Jerry McKenna, Cable One's vice president of strategic marketing, credited Significance for unearthing valuable marketplace insights that led to numerous successful campaigns.

"Over the long term, it's helped us very much," he said. "Understanding your customers' needs makes you better able to meet their needs and get higher revenue per customer. The benefit of this approach, having them as an ongoing monitor, is you get constant customer and non-customer information."

Androulidakis, whose Upper Saddle River, N.J.-based company counts General Foods, Nikon, AT&T Corp., IBM, Citibank and Club Med as clients, loves Cable One.

"They respond quickly to what you provide. You have a flat management structure there, where everyone important comes to your presentation.
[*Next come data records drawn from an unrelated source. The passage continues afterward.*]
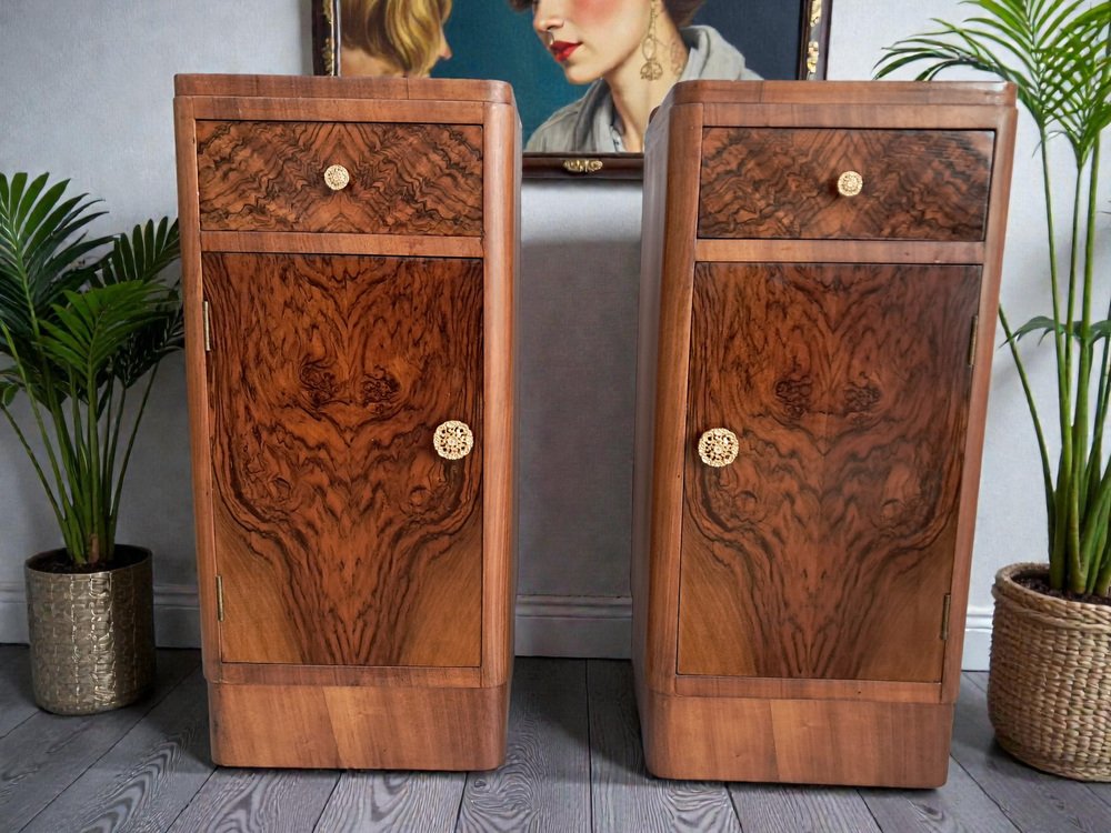 A rare opportunity to acquire a true matching pair of original Art Deco bedside cabinets — statement pieces that deliver both style and practical storage.
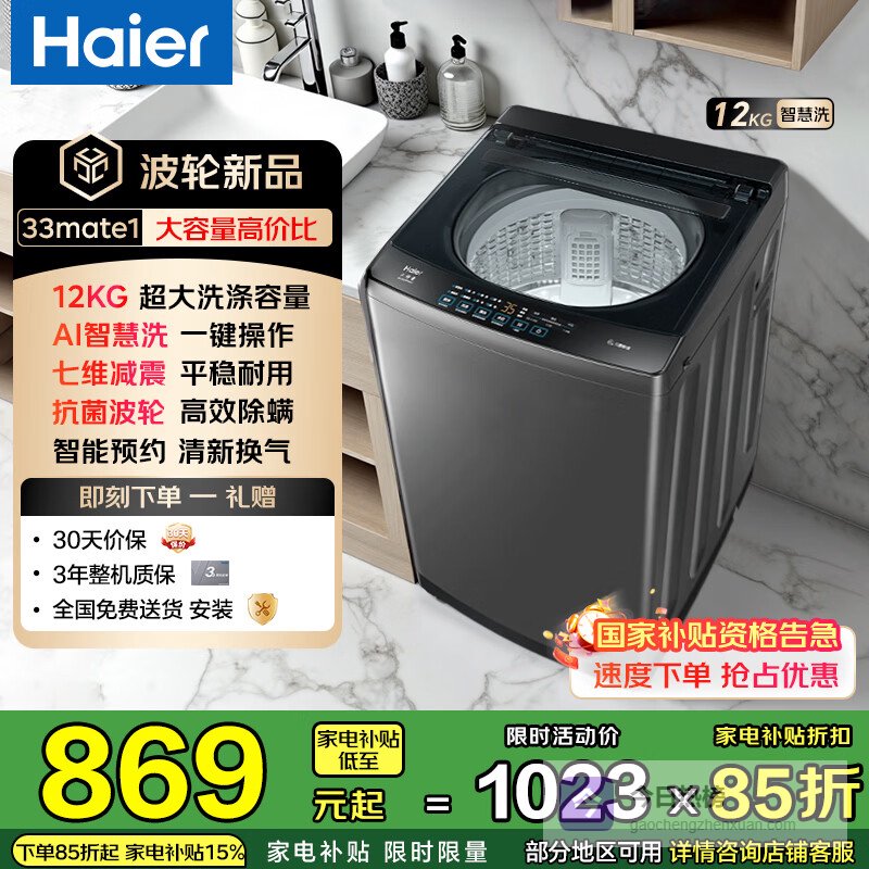 【品牌直营】海尔波轮洗衣机全自动10/12公斤大容量家用静音电机抗菌波轮高效除螨家电补贴立减15%送¥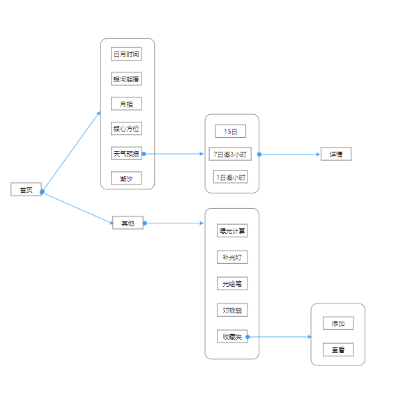 首先,在设计之初,就要求绝大部分功能在点击三下以内完成,页面层级一定不能超过五页。作为一个功能聚合的小程序,在刚打开的首页,便要清晰的展现功能分类,用户点击一下即可看到最重要的信息,而不是一股脑把所有东西都扔给用户,造成屏幕上全是重点以至于用户不知道哪个是重点。另外,考虑到户外拍摄用户可能是戴了手套的,所以功能面板的触摸区域也设置的非常大,方便操作。

You're not going through 12 levels to reach the CEO," Androulidakis said.

Cable One spends about $1 per subscriber a year on its work with Significance. Cost is one reason why more cable operators don't establish market-research relationships, McKenna and Androulidakis acknowledged. Perception is another, as the cable company knows better how to operate than an outside institution.

What firms like Significance offer, though, is a greater depth of knowledge about not only what people think about a particular service, but also who's delivering the service, McKenna added. "I can get that kind of information MSO-wide, by division and by individual systems, so we can measure performance in a more comprehensive way."
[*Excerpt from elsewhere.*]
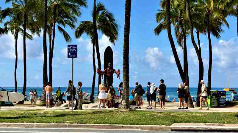 ハイアットの目の前はビーチとデューク・カハナモク像。テンション上がる風景です。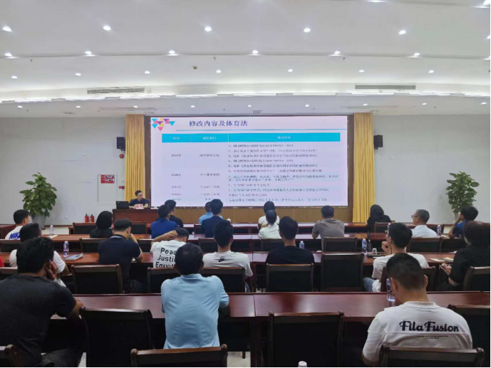 陈望讲师针对高危险性体育项目(游泳池)相关政策、泳池规模的界定、场所安全设施配置等内容进行了现场授课,进一步提高游泳场所经营主体的安全意识、责任意识,做到安全生产教育全覆盖,切实保障广大群众参与游泳活动的人身安全。

"If I can portray what subscribers and non-subscribers think and feel about their cable system, these owners can come up with the best ways to deal with those thoughts," noted Androulidakis. "This is not about taking the water temperature once a year or every three months. This is talking to cable customers, [satellite] customers, broadcast-TV consumers all the time."

In one early study, Significance found that outages topped the list of situations that shaped customer-service attitudes. Cable One management developed a number of practices to deal with outages and outage prevention. Since then, the number of outage instances per year has been reduced by 40%.

When Cable One introduced digital service for free at the end of 2000, Significance surveyed customers on various price points, which new digital-basic channels from a list of 60 subscribers wanted and how loyal customers would be once a charge was introduced.

Digital influence

The data influenced Cable One to offer its digital combination of multiplexed premium channels, pay-per-view, DMX Music and TV Guide Interactive for $8.95 per month in early 2002. Cable One entered 2003 with a 32% rate of digital penetration.

Twenty-three channels have been added since, including The Outdoor Channel and Outdoor Life Network. "The research showed that our most glaring programming need was for outdoor lifestyle content," McKenna said.

Among the future subjects Significance will tackle: voice-over-Internet protocol telephony, high-speed Web music services and high-definition TV.